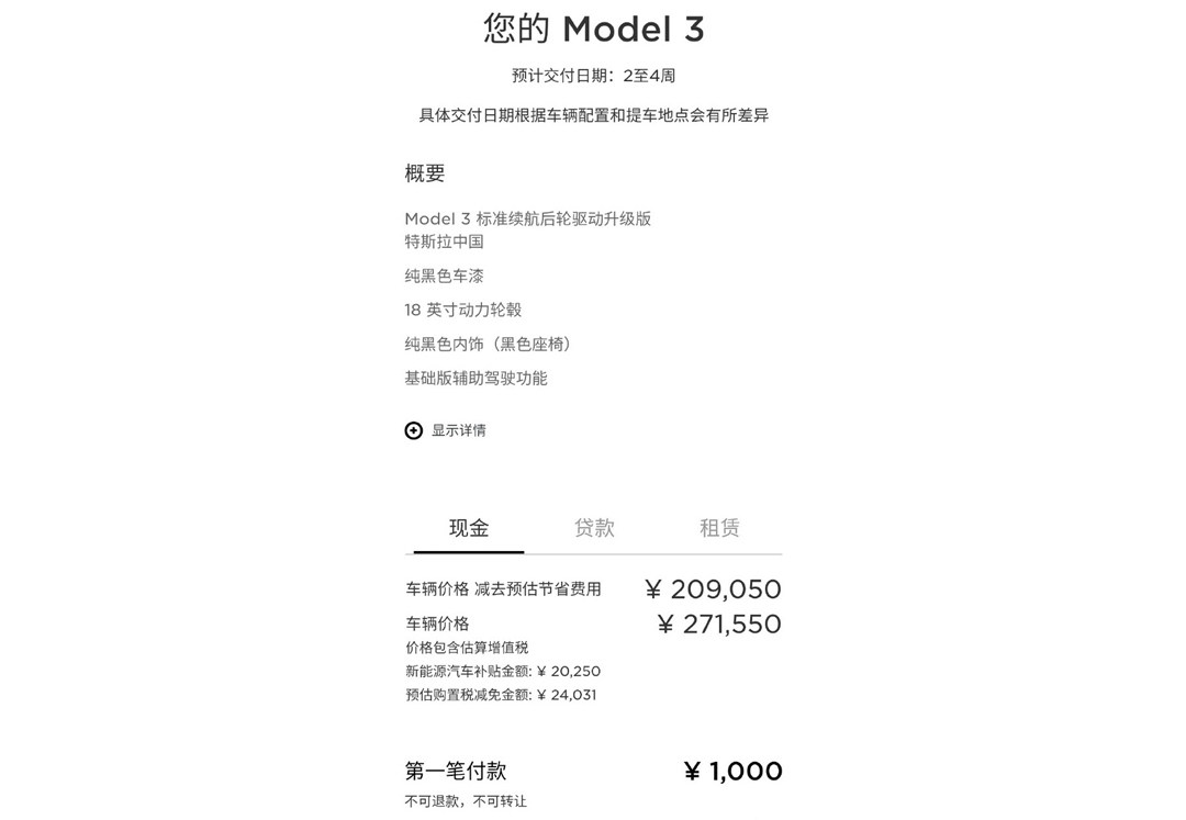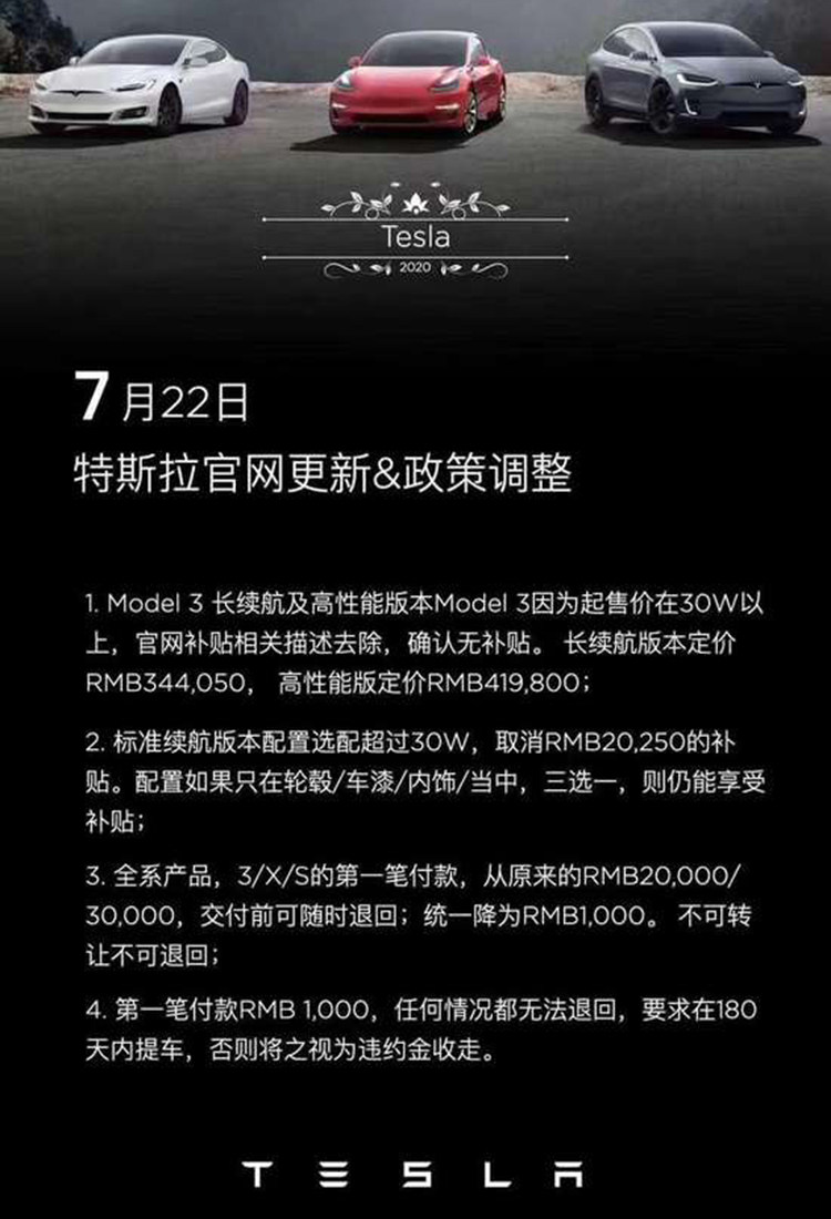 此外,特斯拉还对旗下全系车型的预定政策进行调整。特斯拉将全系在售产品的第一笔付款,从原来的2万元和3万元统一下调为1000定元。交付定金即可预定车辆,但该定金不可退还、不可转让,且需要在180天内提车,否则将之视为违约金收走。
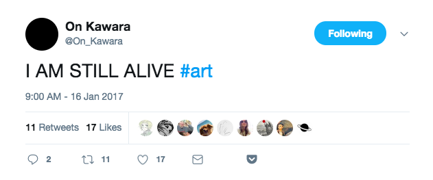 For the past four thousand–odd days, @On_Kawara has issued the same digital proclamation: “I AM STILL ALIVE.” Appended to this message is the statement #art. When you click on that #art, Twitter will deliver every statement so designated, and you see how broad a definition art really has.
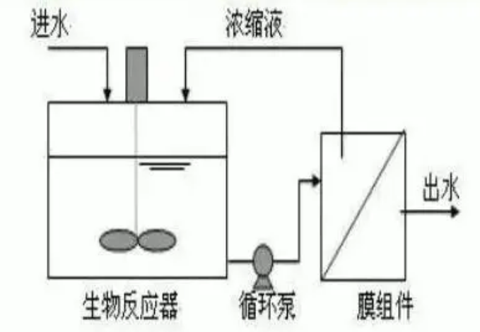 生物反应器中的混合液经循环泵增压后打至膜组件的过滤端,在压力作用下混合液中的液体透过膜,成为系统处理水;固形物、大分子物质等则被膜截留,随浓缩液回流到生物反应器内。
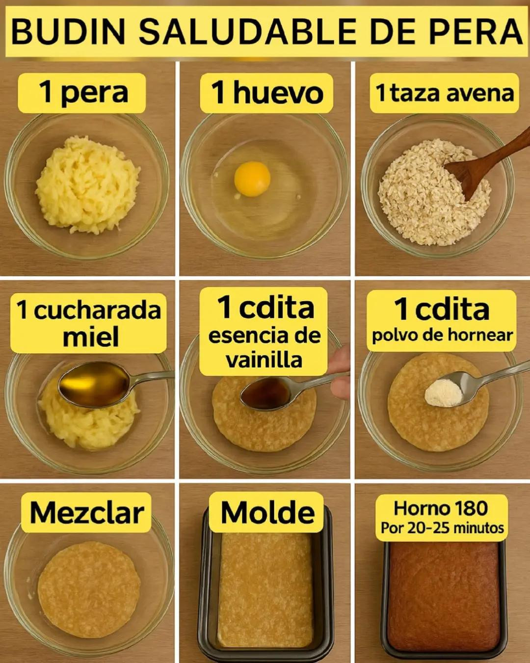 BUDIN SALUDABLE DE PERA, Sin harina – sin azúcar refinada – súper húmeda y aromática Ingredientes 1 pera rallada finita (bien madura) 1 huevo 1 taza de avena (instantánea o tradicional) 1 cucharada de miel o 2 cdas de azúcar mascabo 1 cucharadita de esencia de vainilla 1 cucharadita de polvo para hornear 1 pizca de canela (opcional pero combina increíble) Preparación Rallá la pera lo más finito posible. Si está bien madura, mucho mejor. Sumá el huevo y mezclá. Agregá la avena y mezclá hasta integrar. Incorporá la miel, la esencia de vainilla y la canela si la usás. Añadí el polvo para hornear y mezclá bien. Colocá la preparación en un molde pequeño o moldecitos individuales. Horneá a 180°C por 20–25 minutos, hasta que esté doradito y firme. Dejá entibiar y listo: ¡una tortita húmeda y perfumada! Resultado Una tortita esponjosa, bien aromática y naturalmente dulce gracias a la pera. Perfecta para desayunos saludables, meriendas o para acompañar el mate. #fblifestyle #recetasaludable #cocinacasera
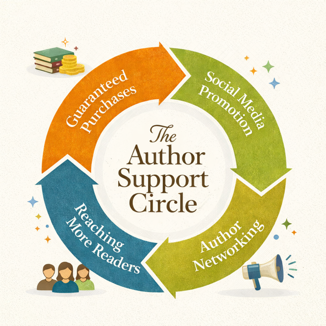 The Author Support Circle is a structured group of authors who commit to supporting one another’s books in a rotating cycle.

> **WORK TO BE COMPLETED**
What you return should be only the exact lines from the top of the entries through the line with "生物反应器中的混合液经循环泵", minus the pictures.

> **EXERCISE ANSWER**
 此外,特斯拉还对旗下全系车型的预定政策进行调整。特斯拉将全系在售产品的第一笔付款,从原来的2万元和3万元统一下调为1000定元。交付定金即可预定车辆,但该定金不可退还、不可转让,且需要在180天内提车,否则将之视为违约金收走。
 For the past four thousand–odd days, @On_Kawara has issued the same digital proclamation: “I AM STILL ALIVE.” Appended to this message is the statement #art. When you click on that #art, Twitter will deliver every statement so designated, and you see how broad a definition art really has.
 生物反应器中的混合液经循环泵增压后打至膜组件的过滤端,在压力作用下混合液中的液体透过膜,成为系统处理水;固形物、大分子物质等则被膜截留,随浓缩液回流到生物反应器内。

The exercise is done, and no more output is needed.